Keeping the Emerald Aisle open: Ireland, Brexit and e-commerce

Brexit and e-commerce

Within hours, the transition period allowing the UK and European Union to make an orderly break following Brexit will come to a close.

Fears of a so-called ‘hard Brexit’ were averted on Christmas Eve with the adoption of a document known as the Trade and Cooperation Agreement.

Whilst it also covers the details of future security and governance arrangements, it’s the third component – the Free Trade Agreement – which was arguably most eagerly awaited because of its potential impact on commercial relationships between companies and consumers in both the UK and EU.

Such issues were of acute importance to the Irish Republic, which accounted for £38.3 billion worth of exports (that’s 5.5% of the UK’s total overseas’ sales) in 2019.

A significant proportion of that figure was made up of e-commerce orders placed by consumers in Ireland, one of the fastest-growing online retail markets in Europe.

Online purchases by Irish consumers, in fact, have topped £2.5 billion (€2.8 billion) during 2020 alone.

With a clear interest on both sides of the Irish Sea in how Brexit might affect sales, COLL-8 has considered the main points of the Free Trade Agreement for shoppers and shippers alike.

Administration and declaration

From the first of January 2021, UK firms exporting to the Republic of Ireland or anywhere else in the EU must have an Economic Operator Registration and Identification number (or EORI, for short), which is a unique code used to track goods sent to or from the EU.

They’ll also need to provide something known as an HS (Harmonised System) code, a six-, eight- or 10-digit classification that identifies specific items, what they’re made from and the country from which they’re dispatched.

In addition, each shipment – regardless of value – must be accompanied by a commercial invoice stating the type of items being sent and how much they cost.

Tax and tariffs

The trade deal between the EU and UK is based on zero tariffs and zero quotas but there are still circumstances in which duties will apply.

Items shipped from the UK and costing less than €150 (£135) will attract VAT but no duties, while products worth more than that amount will in principle not have duties applied.

It’s important to realise how the type of VAT will also change.

Most goods sent to the EU from the UK will be zero rated for VAT in the UK but traders will instead need to pay import VAT in the country of destination.

Furthermore, the issue of where goods were made or worked on – their origin – is critical in determining whether duties may be applied by customs authorities.

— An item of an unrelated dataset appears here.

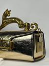 Paris Cat Handle Gold Clutch Bag - Limited Edition Metalik Altın El Çantası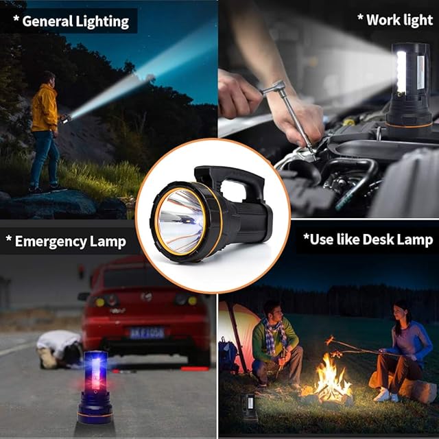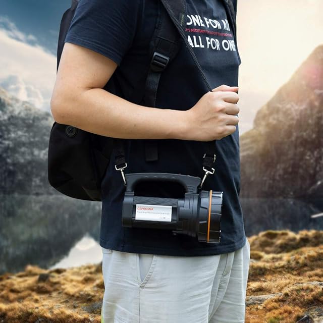 5.【マルチキャリングウェイ&防水耐水】ハンドヘルドやハンギング用のハンドル。 懐中電灯は肩紐でも動作し、底面には三脚や自転車ホルダーに懐中電灯を取り付けることができるネジ穴があります。 防水IPX4.船、ボート,海洋、釣り、狩猟、アウトドアキャンプ、自動車修理、作業灯,救助、停電、防災害のようないくつかの条件のための良い光

Goods which are either “wholly obtained” from the UK or EU or “substantially transformed” in either territory can qualify for preferential origin status and will, therefore, be zero rated for duty purposes.

However, if they have either been entirely made outside the EU or UK or are largely created elsewhere, they may only be classed as being of general origin, which may see duties applied by customs authorities in the country to which they are shipped.

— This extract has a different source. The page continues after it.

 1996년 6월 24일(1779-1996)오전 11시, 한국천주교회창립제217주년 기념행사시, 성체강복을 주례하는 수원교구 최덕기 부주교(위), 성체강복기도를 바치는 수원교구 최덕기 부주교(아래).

The HS code, of course, can help determine goods’ composition and what additional production work may have been required.

Even so, it is not regarded as absolute proof of how items were sourced and so a certificate or declaration of origin will be necessary as well.


There’s no doubt that Brexit means attending to more paperwork to ensure that the delivery and even the return of e-commerce items continues as smoothly as possible.

Having said that, COLL-8 believes that the new Free Trade Agreement provides the basis of future success for retailers who want to tap into the appetite of Irish consumers for British goods and the growing demand of shoppers in the UK and much further afield for some of the Republic’s leading brands.

We don’t believe that a change in trading status means an obstacle to sales.

On the contrary, COLL-8 reckons that the Agreement has laid the foundations for further increases in online orders.